[[ Record extracts open ]]

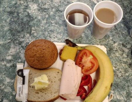 Herbata czarna ekspresowa b/c 250 ml, Cukier 5g (saszetka) 2 szt, Chleb mieszany pszenno-żytni 50 g (GLU PSZ, GLU ŻYT), Bułka graham-pszenna 50g 1 szt ( GLU, PSZ), Masło extra 82% 10 g ( MLE), Pasztet Ciechanowski-Pasztet drobiowy z dodatkiem surowców wieprzowych pieczony 50 g (GLU PSZ, JAJ, SOJ, MLE), Miód (25g) 2 szt, Ogórek kwaszony małosolny 50 g (GOR), Pomidor 50 g, Banan 1szt, Kawa zbożowa z mlekiem z/c 250 ml (MLE, GLU ŻYT, GLU JĘCZ)
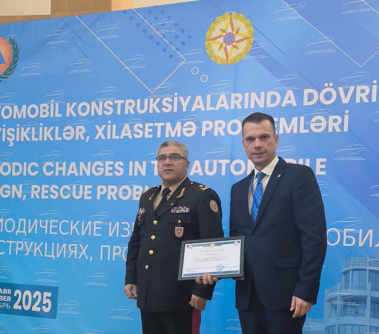 Делегация Сибирской пожарно-спасательной академии ГПС МЧС России во главе с начальником генерал-майором внутренней службы Иваном Сергеевым приняла активное участие в IV Международной научно-практической конференции «Периодические изменения в автомобильных конструкциях, проблемы спасения». Мероприятие состоялось 1 октября в Академии МЧС Азербайджана в Баку.
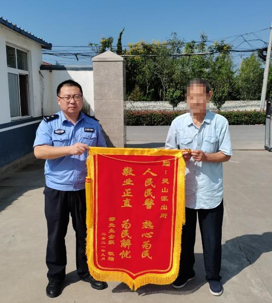 9月15日下午,即墨鄒先生趕到靈山派出所,將一面“人民民警 熱心為民”的錦旗送到了民警手中,對暖心助人的民警表達(dá)感激之情。
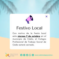 Informamos que el CPTS de Cádiz estará cerrado el 7 de octubre
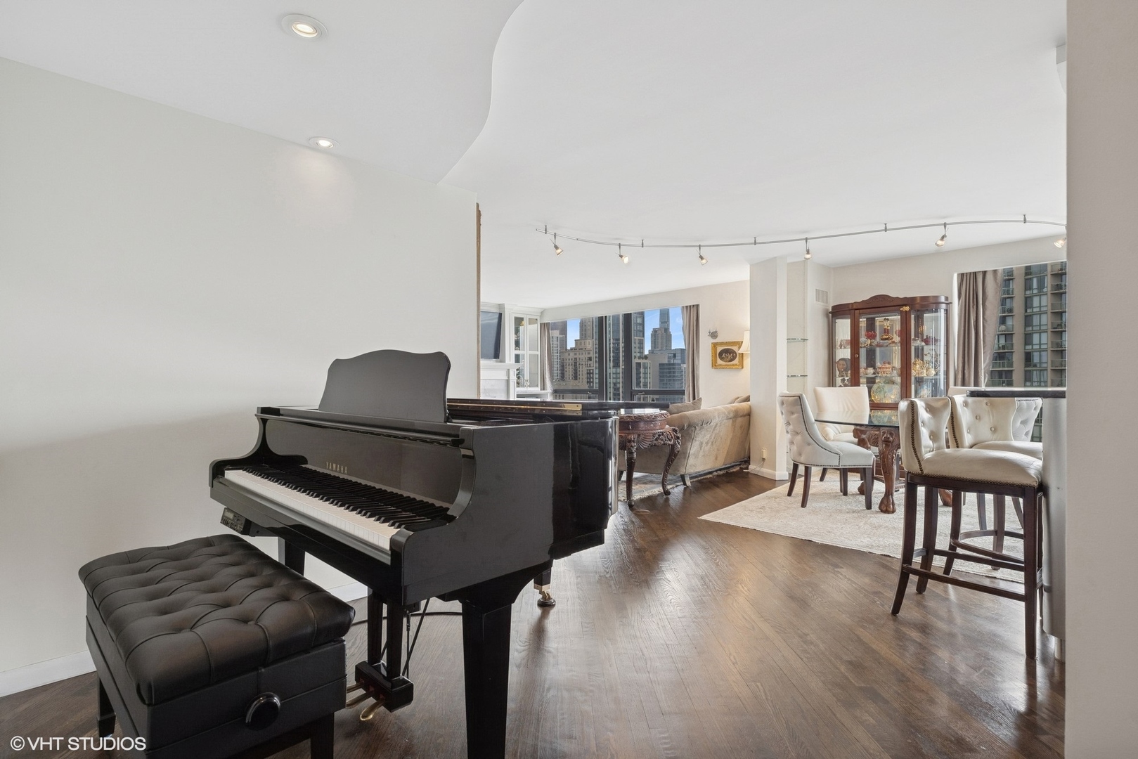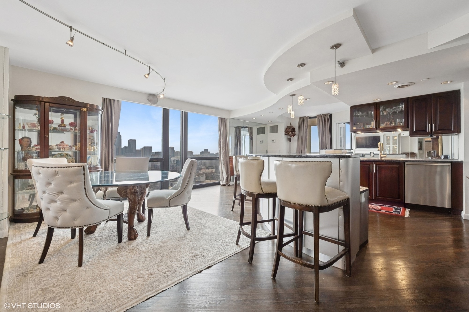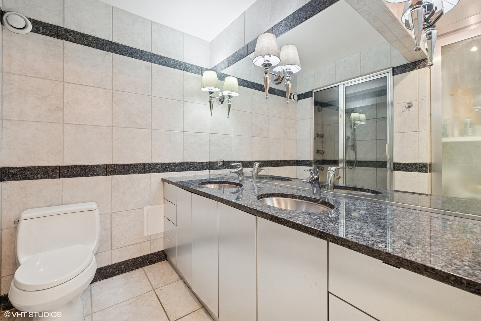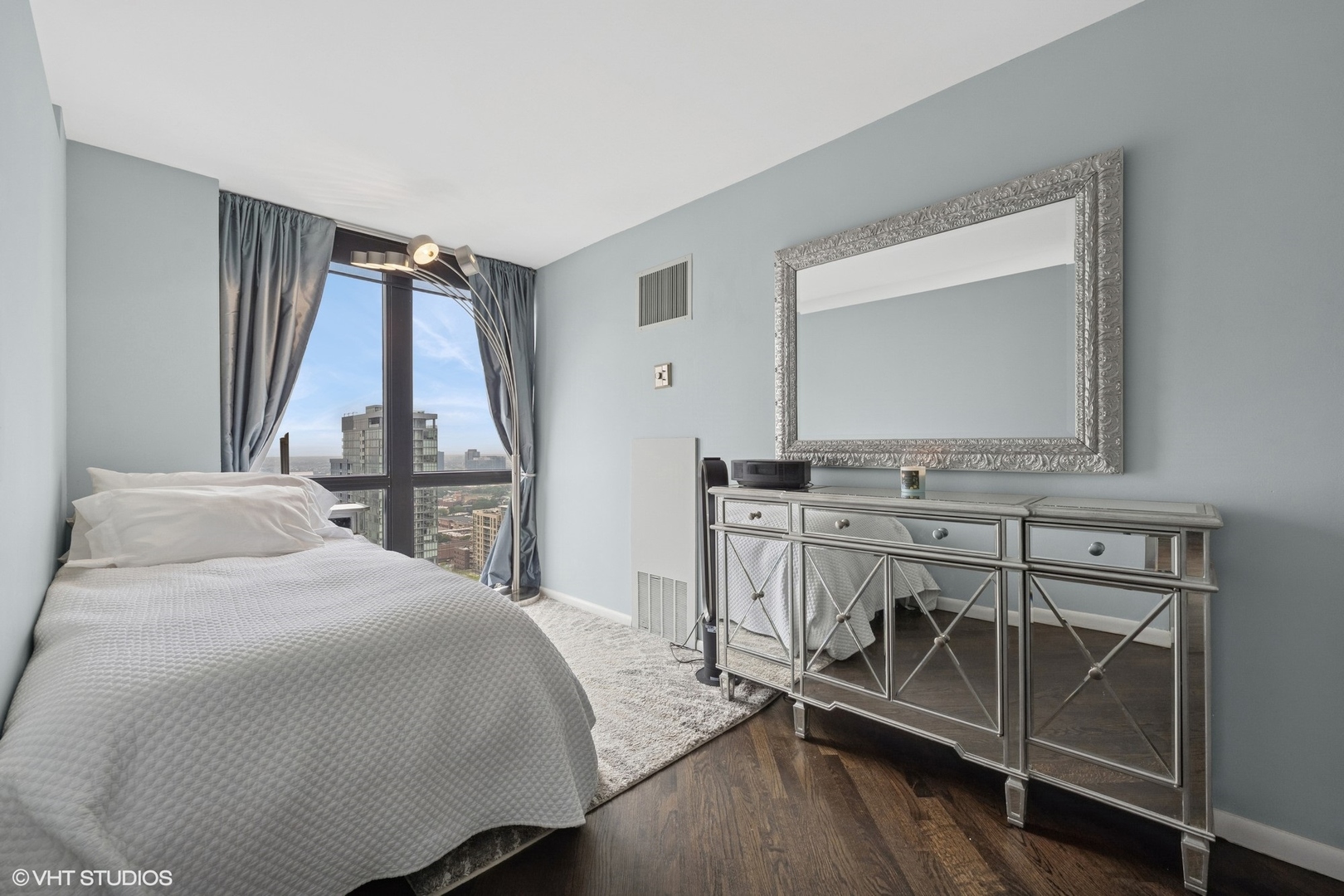 Enjoy beautiful panoramic city views from the southwest corner of one of the top floors at The Elm at Clark. This 3bed+den/3 full bath open concept home has 1800 SQFT of living space and is great for entertaining. Floor-to-ceiling windows showcase stunning city views while the open floorplan floods the home with natural light. An entry foyer has enough space to accommodate a baby grand piano. The living room features a fireplace flanked by built-in bookcases. An upgraded kitchen has granite counters, Sub-Zero, Wolf, Dacor, and Bosch appliances, and a breakfast bar. Conveniently located just off the kitchen, a large, covered balcony is the ideal place to grill, dine, and relax. The living space also offers a den/office, with fantastic views, perfect for working from home. The primary bedroom features porcelain tile flooring, a sitting “nook,” and an ensuite bathroom with double sinks and shower. The second bedroom has an ensuite bath and the third bedroom has a large, walk-in closet. A third full bath is accessible to both the third bedroom and to guests. A laundry room with washer and dryer completes this residence. Two storage cages included in the price. Deeded parking space (P216) available for an additional $40,000. Professionally managed building with 24hr doorman, outdoor pool, fitness room & party room. Steps to the lake, Wells Street, shopping, restaurants, grocery stores, gyms, public transportation, and all the Gold Coast has to offer!
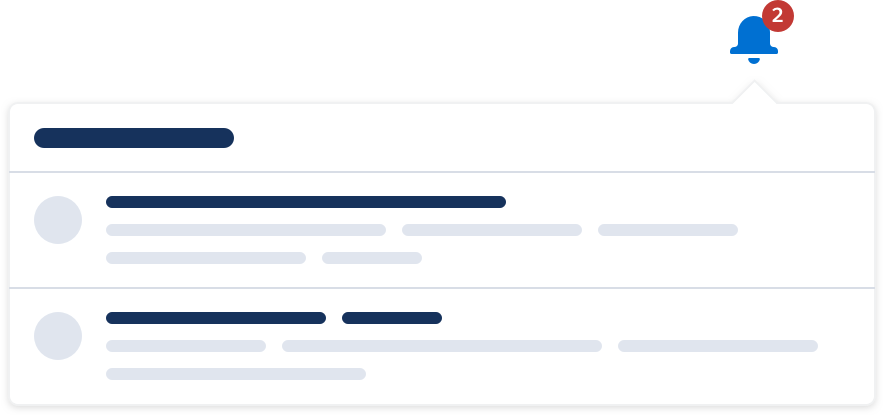 - Do not include multi-step actions in a notification item. Include only one-step actions, e.g. approve or reject, check off task, etc.
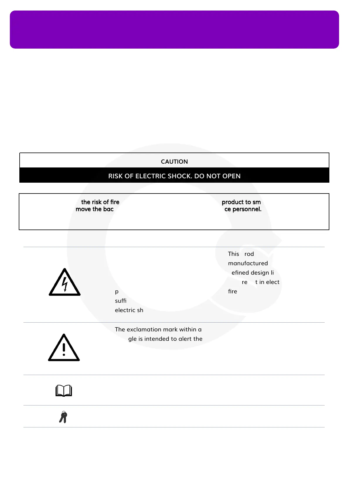 RISK OF ELECTRIC SHOCK. DO NOT OPEN
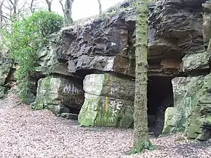 Crank Caverns[1] is the common name of the remains of the Rainford Delph Quarry near Crank in St. Helens, Merseyside, England. It is a network of tunnels and caverns, as well as an extensive woodland.[2] Information in the St. Helens local history archives states that sandstone quarrying began here as early as 1730. As the quarry expanded, the cost of purchasing land to open cast mine it increased, so it was decided to opt for a different method. Instead of quarrying out the stone, they would mine it out, following a seam of stone until it ran out. This resulted in the network of caves, tunnels and shafts we see today. Rainford Delph is listed as a Colliery by 1854, under the ownership of Charles Howarth or Yorkshire Charlie as he was known locally by 1880.[3] Mining finally ceased and the woods and caverns were used as a game reserve by the Earl of Derby until 1939, when they became a storage facility for ammunition for the anti-aircraft position at Crank. After the war, the caverns ceased use as a game reserve. Today, Crank Caverns are not officially open to the public[1]and due to their increasing instability, attempts have been made to close access to the caverns and tunnels themselves. Despite this, the site is still physically accessible from a nearby public footpath and is still a draw for generations of curious locals who wish to explore, many having heard the numerous local myths and legends from an early age.[4]
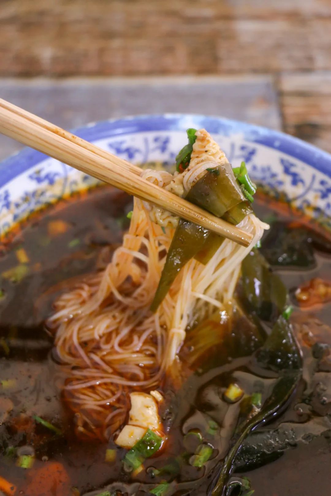 这家是江油人从小吃到大的老店,细粉厚油,米粉糯而不烂,汤汁麻辣香浓,还能吃到一点药材味,只是肥肠太少,午饭再补上。
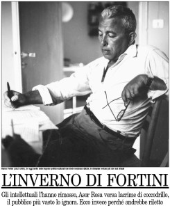 Ora Asor parla di “vigliaccata”, ma non dà al “compagno di strada” l’unico risarcimento dovuto: e cioè una rilettura adeguata della sua opera. Anche perché una tale rilettura sarebbe un suicidio per lui, dato che le migliori pagine di Fortini sono un’inesausta denuncia dei privilegi acquisiti proprio dal ceto intellettuale di cui Asor fa parte. Comunque, leggendo la “prefazione storica”, ho pensato che quello asorrosiano non solo non è un risarcimento, ma sembra anzi una nuova pernacchia a Fortini. Non è un’impudenza, da parte sua, pubblicare l’antologia di un decennio, quasi a riecheggiare il titolo del libro più bello di Fortini, Dieci inverni, che è anche il testo fortiniano meno capito dai nostri critici marxologhi? Davanti a questo pensiero ho chiuso Le armi della critica, sono uscito dalla libreria, e mi sono detto che in un’Italia in cui è ormai praticamente un autore inedito, è ora di risarcire Fortini con un vero ritratto, e soprattutto di contrapporre al decennio di formazione asorrosiana quello di formazione fortiniana. Ma per farlo, intanto, bisogna chiedersi: a poco meno di vent’anni dalla morte, chi legge Franco Fortini, e come? Direi che tra gli intellettuali prevalgono due forme di rimozione, che si riflettono nella quasi totale ignoranza del pubblico più vasto. O si considera Fortini un vecchio codice che non vale la pena decifrare: e così si confermano le critiche che lui rivolse ai suoi contemporanei, già inclini alla semplificazione e al culto delle personalità mediatiche (si vedano le pagine dedicate al suo fratello-avversario, il sempre stracitato Pasolini); oppure, viceversa, lo si venera tradendone l’autonomia intellettuale: e si sbandiera, come Asor Rosa e molti altri, un marxismo ridotto a petizione di principio, mentre si lascia cadere proprio la sua eredità più viva, cioè la continua “verifica dei poteri” nel campo della cultura. Ma così, i “fortiniani” trattano Fortini appunto come fosse Asor o Toni Negri, riducendolo al suo più effimero timbro apocalittico o settario; e quando poi si occupano di letteratura contemporanea finiscono per esaltare proprio quei prodotti demagogici inquinati dall’engagement dozzinale già censurato da Fortini nel Metello pratoliniano: e li esaltano, s’intende, solo perché sono contrabbandati come “antagonisti”, o perché parlano della Realtà stereotipata dell’attualità giornalistica. Invece occorre ribaltare la prospettiva.
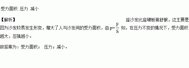 座沙发比座硬板凳舒服,这主要是因为沙发较易发生形变,增大了人与沙发间的__________,在 _________不变的情况下,________压强(选填“增大”、“减小”或“不变”)

[[ Record extracts closed ]]

## [Required action]
A word-for-word copy of the records is needed, with no pictures carried over.

## [Answer to the exercise]
 Herbata czarna ekspresowa b/c 250 ml, Cukier 5g (saszetka) 2 szt, Chleb mieszany pszenno-żytni 50 g (GLU PSZ, GLU ŻYT), Bułka graham-pszenna 50g 1 szt ( GLU, PSZ), Masło extra 82% 10 g ( MLE), Pasztet Ciechanowski-Pasztet drobiowy z dodatkiem surowców wieprzowych pieczony 50 g (GLU PSZ, JAJ, SOJ, MLE), Miód (25g) 2 szt, Ogórek kwaszony małosolny 50 g (GOR), Pomidor 50 g, Banan 1szt, Kawa zbożowa z mlekiem z/c 250 ml (MLE, GLU ŻYT, GLU JĘCZ)
 Делегация Сибирской пожарно-спасательной академии ГПС МЧС России во главе с начальником генерал-майором внутренней службы Иваном Сергеевым приняла активное участие в IV Международной научно-практической конференции «Периодические изменения в автомобильных конструкциях, проблемы спасения». Мероприятие состоялось 1 октября в Академии МЧС Азербайджана в Баку.
 9月15日下午,即墨鄒先生趕到靈山派出所,將一面“人民民警 熱心為民”的錦旗送到了民警手中,對暖心助人的民警表達(dá)感激之情。
 Informamos que el CPTS de Cádiz estará cerrado el 7 de octubre
 Enjoy beautiful panoramic city views from the southwest corner of one of the top floors at The Elm at Clark. This 3bed+den/3 full bath open concept home has 1800 SQFT of living space and is great for entertaining. Floor-to-ceiling windows showcase stunning city views while the open floorplan floods the home with natural light. An entry foyer has enough space to accommodate a baby grand piano. The living room features a fireplace flanked by built-in bookcases. An upgraded kitchen has granite counters, Sub-Zero, Wolf, Dacor, and Bosch appliances, and a breakfast bar. Conveniently located just off the kitchen, a large, covered balcony is the ideal place to grill, dine, and relax. The living space also offers a den/office, with fantastic views, perfect for working from home. The primary bedroom features porcelain tile flooring, a sitting “nook,” and an ensuite bathroom with double sinks and shower. The second bedroom has an ensuite bath and the third bedroom has a large, walk-in closet. A third full bath is accessible to both the third bedroom and to guests. A laundry room with washer and dryer completes this residence. Two storage cages included in the price. Deeded parking space (P216) available for an additional $40,000. Professionally managed building with 24hr doorman, outdoor pool, fitness room & party room. Steps to the lake, Wells Street, shopping, restaurants, grocery stores, gyms, public transportation, and all the Gold Coast has to offer!
 - Do not include multi-step actions in a notification item. Include only one-step actions, e.g. approve or reject, check off task, etc.
 RISK OF ELECTRIC SHOCK. DO NOT OPEN
 Crank Caverns[1] is the common name of the remains of the Rainford Delph Quarry near Crank in St. Helens, Merseyside, England. It is a network of tunnels and caverns, as well as an extensive woodland.[2] Information in the St. Helens local history archives states that sandstone quarrying began here as early as 1730. As the quarry expanded, the cost of purchasing land to open cast mine it increased, so it was decided to opt for a different method. Instead of quarrying out the stone, they would mine it out, following a seam of stone until it ran out. This resulted in the network of caves, tunnels and shafts we see today. Rainford Delph is listed as a Colliery by 1854, under the ownership of Charles Howarth or Yorkshire Charlie as he was known locally by 1880.[3] Mining finally ceased and the woods and caverns were used as a game reserve by the Earl of Derby until 1939, when they became a storage facility for ammunition for the anti-aircraft position at Crank. After the war, the caverns ceased use as a game reserve. Today, Crank Caverns are not officially open to the public[1]and due to their increasing instability, attempts have been made to close access to the caverns and tunnels themselves. Despite this, the site is still physically accessible from a nearby public footpath and is still a draw for generations of curious locals who wish to explore, many having heard the numerous local myths and legends from an early age.[4]
 这家是江油人从小吃到大的老店,细粉厚油,米粉糯而不烂,汤汁麻辣香浓,还能吃到一点药材味,只是肥肠太少,午饭再补上。
 Ora Asor parla di “vigliaccata”, ma non dà al “compagno di strada” l’unico risarcimento dovuto: e cioè una rilettura adeguata della sua opera. Anche perché una tale rilettura sarebbe un suicidio per lui, dato che le migliori pagine di Fortini sono un’inesausta denuncia dei privilegi acquisiti proprio dal ceto intellettuale di cui Asor fa parte. Comunque, leggendo la “prefazione storica”, ho pensato che quello asorrosiano non solo non è un risarcimento, ma sembra anzi una nuova pernacchia a Fortini. Non è un’impudenza, da parte sua, pubblicare l’antologia di un decennio, quasi a riecheggiare il titolo del libro più bello di Fortini, Dieci inverni, che è anche il testo fortiniano meno capito dai nostri critici marxologhi? Davanti a questo pensiero ho chiuso Le armi della critica, sono uscito dalla libreria, e mi sono detto che in un’Italia in cui è ormai praticamente un autore inedito, è ora di risarcire Fortini con un vero ritratto, e soprattutto di contrapporre al decennio di formazione asorrosiana quello di formazione fortiniana. Ma per farlo, intanto, bisogna chiedersi: a poco meno di vent’anni dalla morte, chi legge Franco Fortini, e come? Direi che tra gli intellettuali prevalgono due forme di rimozione, che si riflettono nella quasi totale ignoranza del pubblico più vasto. O si considera Fortini un vecchio codice che non vale la pena decifrare: e così si confermano le critiche che lui rivolse ai suoi contemporanei, già inclini alla semplificazione e al culto delle personalità mediatiche (si vedano le pagine dedicate al suo fratello-avversario, il sempre stracitato Pasolini); oppure, viceversa, lo si venera tradendone l’autonomia intellettuale: e si sbandiera, come Asor Rosa e molti altri, un marxismo ridotto a petizione di principio, mentre si lascia cadere proprio la sua eredità più viva, cioè la continua “verifica dei poteri” nel campo della cultura. Ma così, i “fortiniani” trattano Fortini appunto come fosse Asor o Toni Negri, riducendolo al suo più effimero timbro apocalittico o settario; e quando poi si occupano di letteratura contemporanea finiscono per esaltare proprio quei prodotti demagogici inquinati dall’engagement dozzinale già censurato da Fortini nel Metello pratoliniano: e li esaltano, s’intende, solo perché sono contrabbandati come “antagonisti”, o perché parlano della Realtà stereotipata dell’attualità giornalistica. Invece occorre ribaltare la prospettiva.
 座沙发比座硬板凳舒服,这主要是因为沙发较易发生形变,增大了人与沙发间的__________,在 _________不变的情况下,________压强(选填“增大”、“减小”或“不变”)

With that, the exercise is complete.